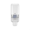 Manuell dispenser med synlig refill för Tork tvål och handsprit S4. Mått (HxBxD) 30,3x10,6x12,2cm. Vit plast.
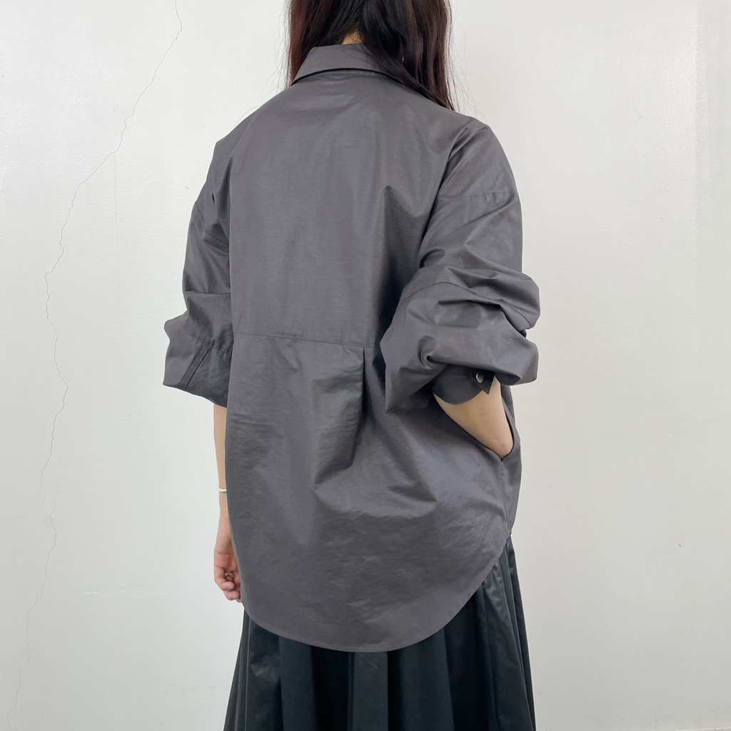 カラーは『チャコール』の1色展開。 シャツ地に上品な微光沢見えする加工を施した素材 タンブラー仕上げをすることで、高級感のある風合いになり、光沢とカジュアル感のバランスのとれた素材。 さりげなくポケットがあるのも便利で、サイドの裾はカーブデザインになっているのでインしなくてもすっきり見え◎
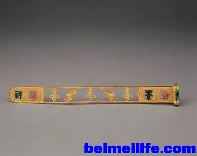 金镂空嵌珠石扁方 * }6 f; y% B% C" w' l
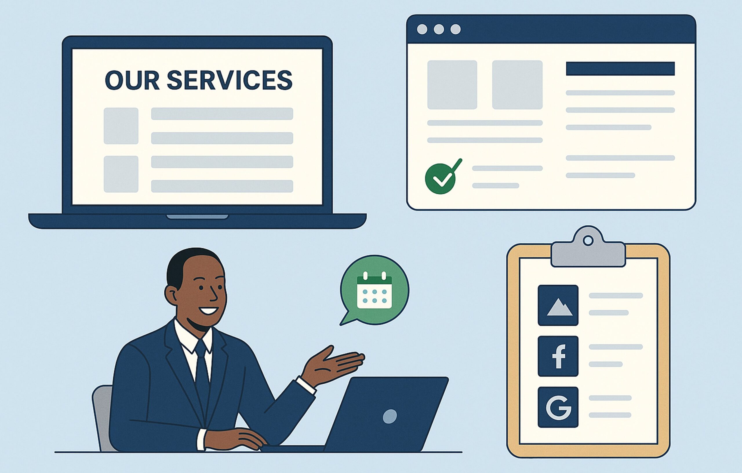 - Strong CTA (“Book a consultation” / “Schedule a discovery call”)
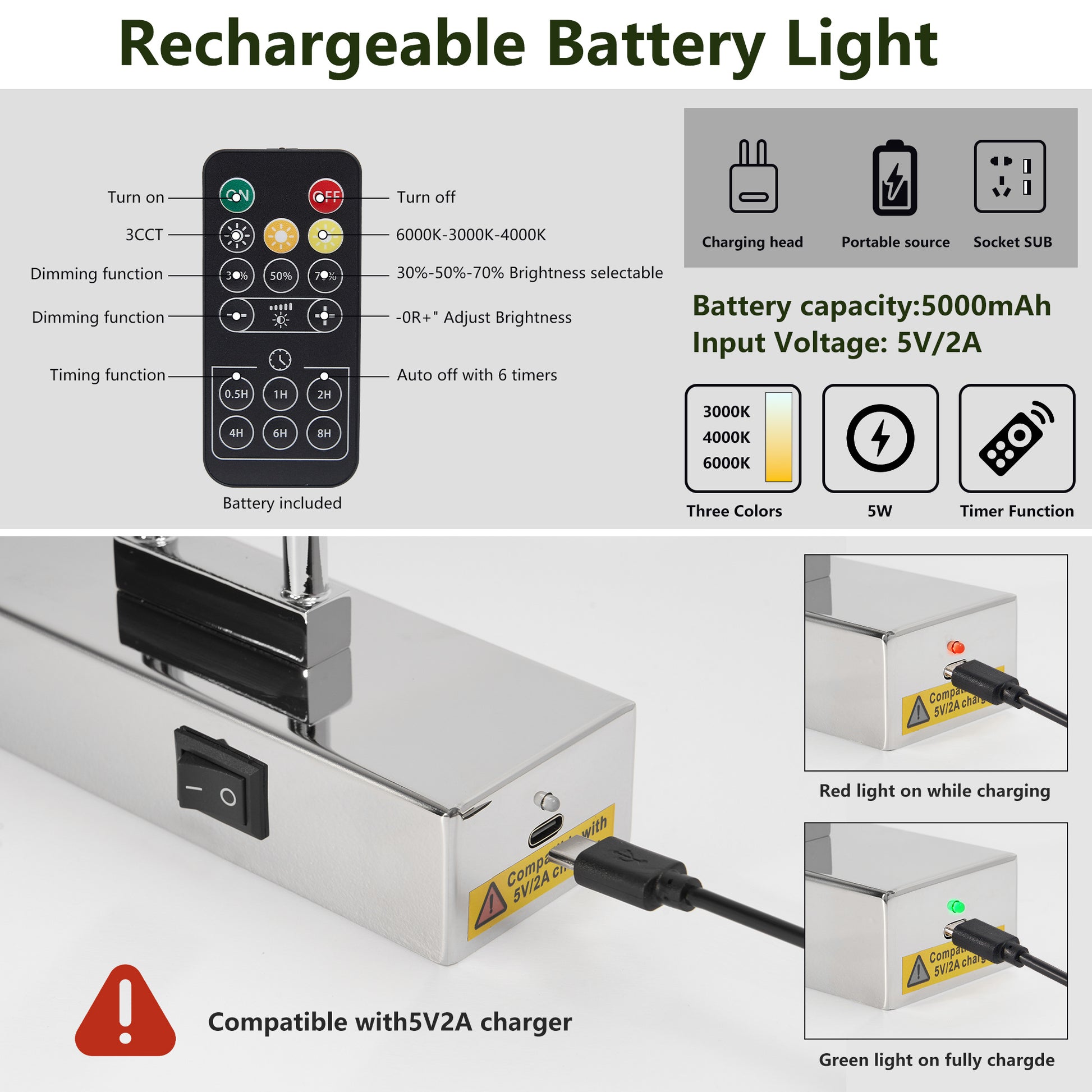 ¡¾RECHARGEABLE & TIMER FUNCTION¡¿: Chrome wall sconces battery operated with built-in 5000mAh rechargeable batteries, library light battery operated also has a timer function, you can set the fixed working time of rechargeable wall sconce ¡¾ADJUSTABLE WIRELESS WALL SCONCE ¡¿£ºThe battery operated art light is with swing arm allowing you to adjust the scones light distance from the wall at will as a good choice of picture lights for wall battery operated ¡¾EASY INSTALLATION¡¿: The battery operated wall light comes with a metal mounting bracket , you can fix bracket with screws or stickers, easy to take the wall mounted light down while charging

====

Goal of the exercise → Nothing but the lines from the one holding "- Strong CTA" through the final line of the entries should be retyped, exactly as they stand and without pictures.

Exercise output →
 - Strong CTA (“Book a consultation” / “Schedule a discovery call”)
 ¡¾RECHARGEABLE & TIMER FUNCTION¡¿: Chrome wall sconces battery operated with built-in 5000mAh rechargeable batteries, library light battery operated also has a timer function, you can set the fixed working time of rechargeable wall sconce ¡¾ADJUSTABLE WIRELESS WALL SCONCE ¡¿£ºThe battery operated art light is with swing arm allowing you to adjust the scones light distance from the wall at will as a good choice of picture lights for wall battery operated ¡¾EASY INSTALLATION¡¿: The battery operated wall light comes with a metal mounting bracket , you can fix bracket with screws or stickers, easy to take the wall mounted light down while charging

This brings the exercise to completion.